One wonderful aspect of Ayurveda is massage with warm oils. Who doesn’t love a massage? If it’s within your means then schedule a regular massage as part of your holistic health routine.
Get moving everyday
Another very relatable principle is that we should all get out in nature and move. A walk in the park, a spot of gardening, a yoga class – take your pick, but make sure you get the body a little fired up every day.
Meditation and mindfulness
There is a lot of talk about mindfulness and mediation these days, and Ayurveda champions both. Meditation brings all sorts of insights and is an extremely powerful practice. But being mindful can be brought into all aspects of life. Next time you are on a tea break take a moment to breathe deeply, feel the warmth of your cup, smell the scent and resist the urge to reach for your phone.
The pace of modern life can be frenetic. Do your best to slow it down from time to time. Choose a day or two a month when you keep your diary clear. Allow yourself to rest and feel into what you and your body need. So instead of keeping busy with a packed list of engagements, you can take your foot off the accelerator and move with the flow of life.
Eating and drinking
The most well-known element of Ayurveda is diet. This is what most people who haven’t studied or grown up with it think of when Ayurveda is mentioned. And diet is indeed extremely important. Ayurveda sees digestion and gut health as fundamental keys to overall physical wellness.
Ayurveda eating recommendations
Stay well hydrated – We all know how important hydration is. Yet many of us go about our lives in varying degrees of dehydration. This can have all sorts of negative impacts on our systems.
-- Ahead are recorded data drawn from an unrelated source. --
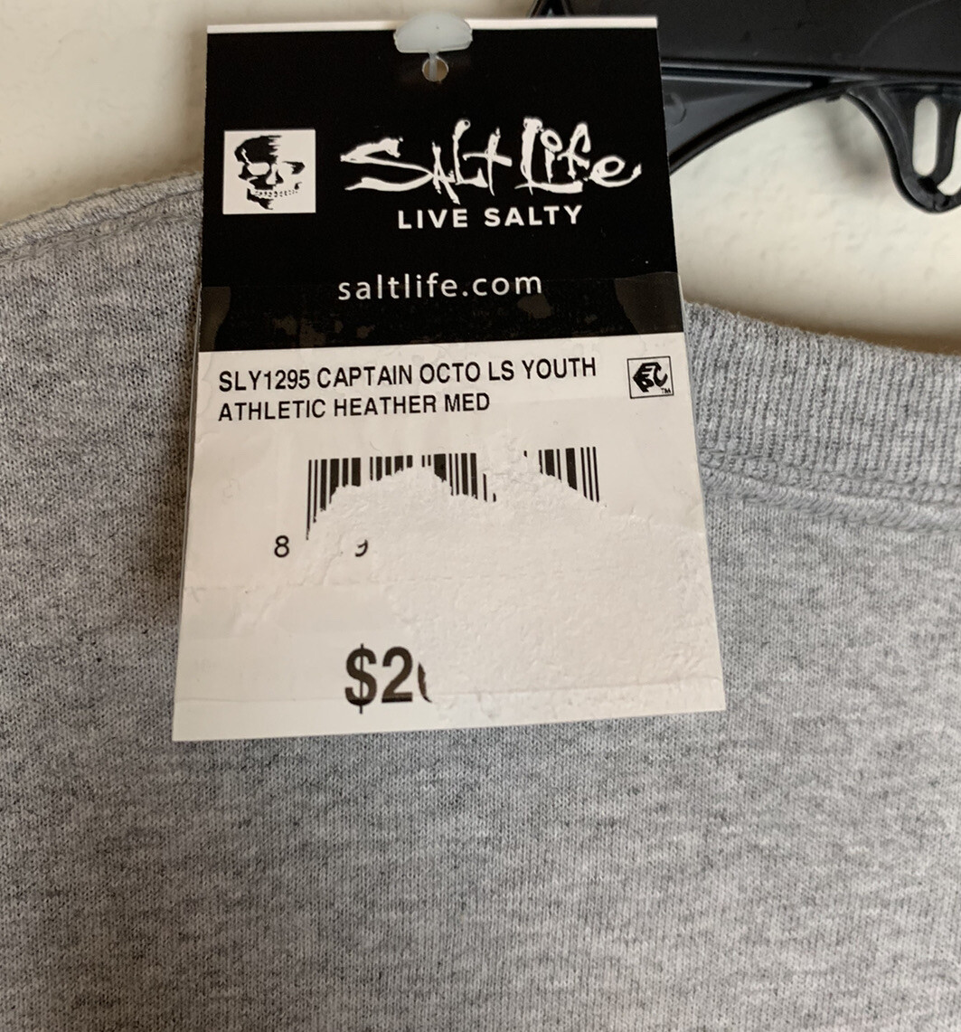 как выглядит SALT LIFE youth Sz Medium Long Sleeve Gray Graphic T-shirt Captain Octo NEW фото
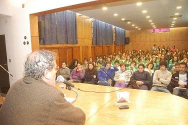 Con el auditorio del Centro Cívico repleto, el escritor propuso una charla abierta que se prolongó por más de 2 horas, abordando las temáticas mencionadas y respondiendo las distintas inquietudes planteadas por los alumnos al respecto del Proyecto de Ley de Servicios Audiovisuales y los intereses económicos inherentes a las corporaciones mediáticas entre otros puntos tratados durante la mañana.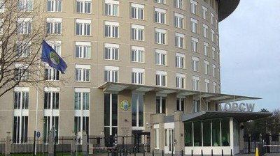 وتطبيق هذه المعاهدة، خصوصا لناحية تدمير مخزونات الاسلحة الكيماوية، يحصل بإشراف منظمة حظر الاسلحة الكيماوية ومقرها في لاهاي بهولندا.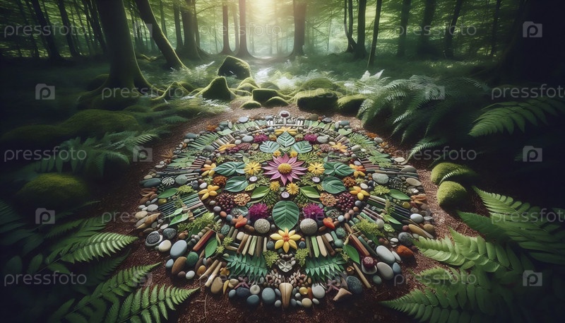 Мандала из натуральных материалов, Ai generated image

Coffee, black tea, sodas and alcohol are all diuretics, meaning that they dehydrate the body. So make a big pot of your favourite herbal tea and sip on it throughout the day. In Ayurveda, warm and hot water is recommended over cold or iced, as they are easier for the body to process.
Eat seasonal and local – It is recommended that we eat mainly seasonal fruit and veg grown reasonably locally. Of course these days we have access to fruits and vegetables from all over the world. And this is likely something many people won’t want to give up. But we can all make a conscious effort to choose more of what is local and seasonal for our kitchens.
When to eat – Ayurveda teaches that we should eat our larger meal at lunchtime when our digestion is most active, then a light evening meal to allow us to sleep comfortably. This can be another tricky one, as most modern lives are set up for a quick lunch and a heavy dinner. But keep it in mind, and where you can try to integrate it into your lifestyle. Another wise recommendation is to eat before you are ravenous and to stop before you are full.
How to eat – When we sit down to a meal it should always have our full attention. Eating mindfully means ditching the mobile phone and concentrating on the flavours, colours and textures on our plate. Chewing well and taking our time helps us to notice when we are satisfied and stop before we are full.
What to eat – Ayurveda recommends plenty of fruit and veg, as well as whole grains, nuts, seeds, dairy and spices. Nothing mystifying there – we all know that fuelling up on good quality, ideally organic, wholefoods is the way to go.
Get cooking – Eating warm, cooked foods is another important principle. Raw foods are much harder for the body to digest, and this is especially true in colder seasons or climates. Cooking up nourishing soups and stews based on vegetables, legumes and warming spices is ideal.
Spice your life – Spices in Ayurveda are not only about the fiery heat of chilli. Fragrant herbs and sweet spices, such as cinnamon, cardamom and turmeric are much more gentle and can be used in all sorts of dishes. Think turmeric lattes, chai and cinnamon pancakes, as well as the more obvious curries and soups.